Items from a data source
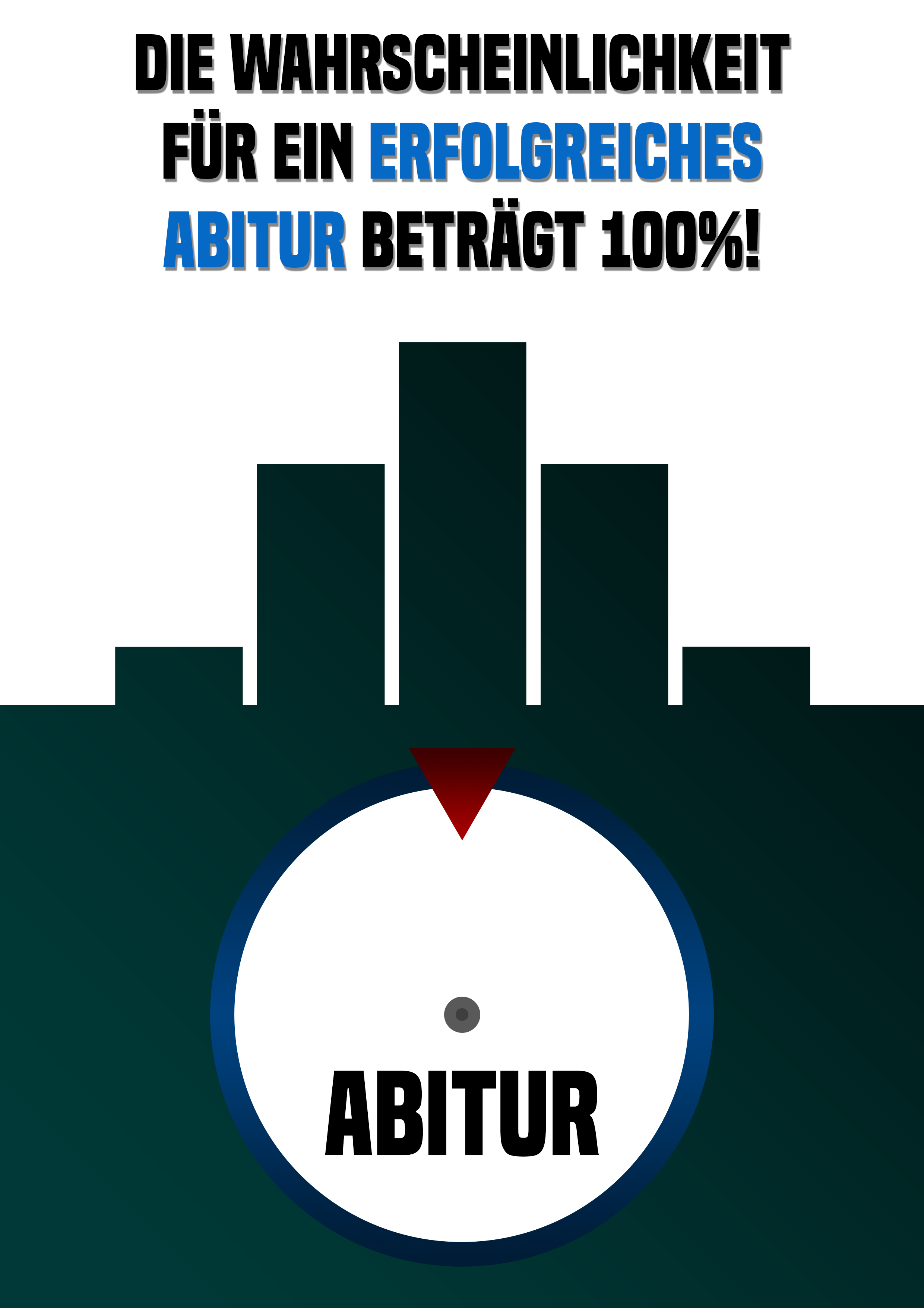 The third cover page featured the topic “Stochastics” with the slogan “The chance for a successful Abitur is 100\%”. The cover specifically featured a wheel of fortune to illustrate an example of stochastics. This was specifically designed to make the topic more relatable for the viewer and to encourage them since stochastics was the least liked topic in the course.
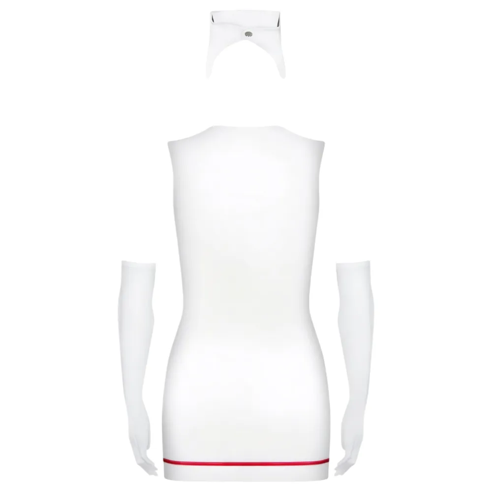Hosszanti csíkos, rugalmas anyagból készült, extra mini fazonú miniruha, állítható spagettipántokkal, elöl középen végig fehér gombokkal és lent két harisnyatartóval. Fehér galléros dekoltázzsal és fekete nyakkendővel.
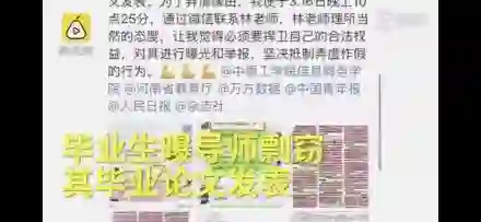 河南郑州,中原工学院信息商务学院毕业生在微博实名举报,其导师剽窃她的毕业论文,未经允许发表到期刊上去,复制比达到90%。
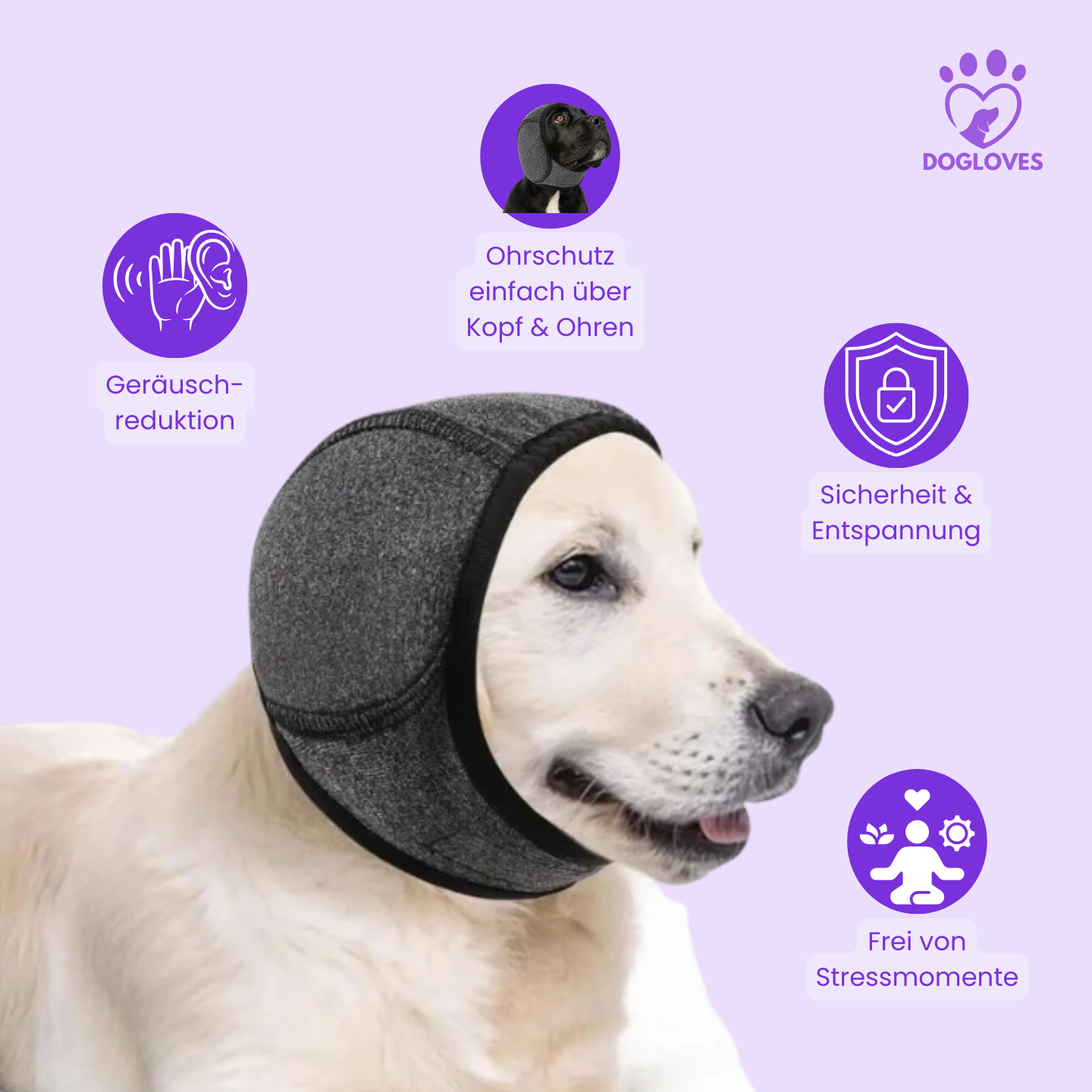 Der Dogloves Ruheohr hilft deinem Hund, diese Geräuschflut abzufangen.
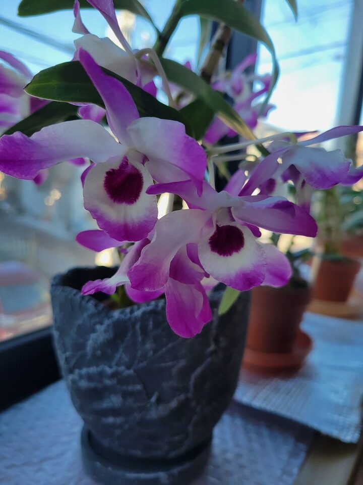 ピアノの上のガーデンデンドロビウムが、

* Required work
Return the entries above exactly, skipping any images.

* Finished exercise
 The third cover page featured the topic “Stochastics” with the slogan “The chance for a successful Abitur is 100\%”. The cover specifically featured a wheel of fortune to illustrate an example of stochastics. This was specifically designed to make the topic more relatable for the viewer and to encourage them since stochastics was the least liked topic in the course.
Hosszanti csíkos, rugalmas anyagból készült, extra mini fazonú miniruha, állítható spagettipántokkal, elöl középen végig fehér gombokkal és lent két harisnyatartóval. Fehér galléros dekoltázzsal és fekete nyakkendővel.
 河南郑州,中原工学院信息商务学院毕业生在微博实名举报,其导师剽窃她的毕业论文,未经允许发表到期刊上去,复制比达到90%。
 Der Dogloves Ruheohr hilft deinem Hund, diese Geräuschflut abzufangen.
 ピアノの上のガーデンデンドロビウムが、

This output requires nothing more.